→ Recorded data
*** Block opens ***
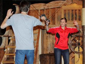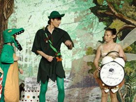 Die Geschichte von Peter Pan, dem außergewöhnlichen Jungen, der nicht erwachsen werden kann und auch nicht will? „Ihr müsst an etwas Schönes, Wunderbares denken und dann heben euch diese Gedanken daran in die Luft “ , sagt Peter Pan und fliegt los. Eines Nachts fliegt Peter Pan geradewegs ins Kinderzimmer von Wendy Darling und ihren beiden Brüdern John und Michael. Begleitet wird er von der bezaubernden Elfe Tinkerbell Sie machen die überraschten Kinder mit Feenstaub flugtüchtig und fliegen mit ihnen nach Nimmerland, in ein Zauber- reich, das nur für Kinder sichtbar ist und in dem Peter Pan hofft, dass Wendy eine Geschichtenerzählerin für seine Bande der verlorenen Jungs sein wird. In dem geheimnisvollen Land gibt die tapfere Indianerin Tigerilly mit ihrem Stamm und ein riesiges Krokodil. Aber Vorsicht! Auf der Insel treibt auch eine gefährliche Piratenbande ihr Unwesen und ihr Anführer, der einarmige Kapitän Hook, hat es schon lange auf Peter Pan und seine Bande abgesehen. Die Geschwister erleben zusammen mit Peter Pan und seinen Freunden viele Abenteuer
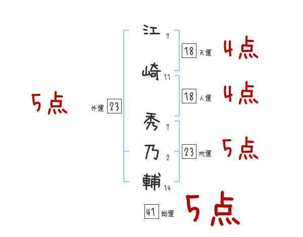 天運![]() | 江崎秀乃輔さんの天運は18画の4つ星!情熱的で剛気。忍耐力があり信頼される。 家系が持つ宿命的な運勢を表します。祖先から受け継いだ苗字ですので自分の力が及びません。家柄を象徴します。 |
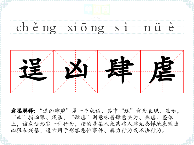 “逞凶肆虐”并没有明确的历史典故或文学出处,但可以推测其形成与古代社会对暴力行为的普遍反感和对社会秩序的维护有关。在古代,社会常常受到强权和暴力的威胁,因此这种描述残暴行为的成语自然会被广泛使用。
*** Block closes ***
→ Work instruction
Leaving every picture aside, transcribe exactly the lines from the one that contains "天運![]() | 江崎秀乃輔さんの天運は18画の4つ星!情熱的で剛気。忍耐力があり信頼される。" through the final line of the listing above, inclusive.

→ Answer to this exercise
 天運![]() | 江崎秀乃輔さんの天運は18画の4つ星!情熱的で剛気。忍耐力があり信頼される。 家系が持つ宿命的な運勢を表します。祖先から受け継いだ苗字ですので自分の力が及びません。家柄を象徴します。 |
 “逞凶肆虐”并没有明确的历史典故或文学出处,但可以推测其形成与古代社会对暴力行为的普遍反感和对社会秩序的维护有关。在古代,社会常常受到强权和暴力的威胁,因此这种描述残暴行为的成语自然会被广泛使用。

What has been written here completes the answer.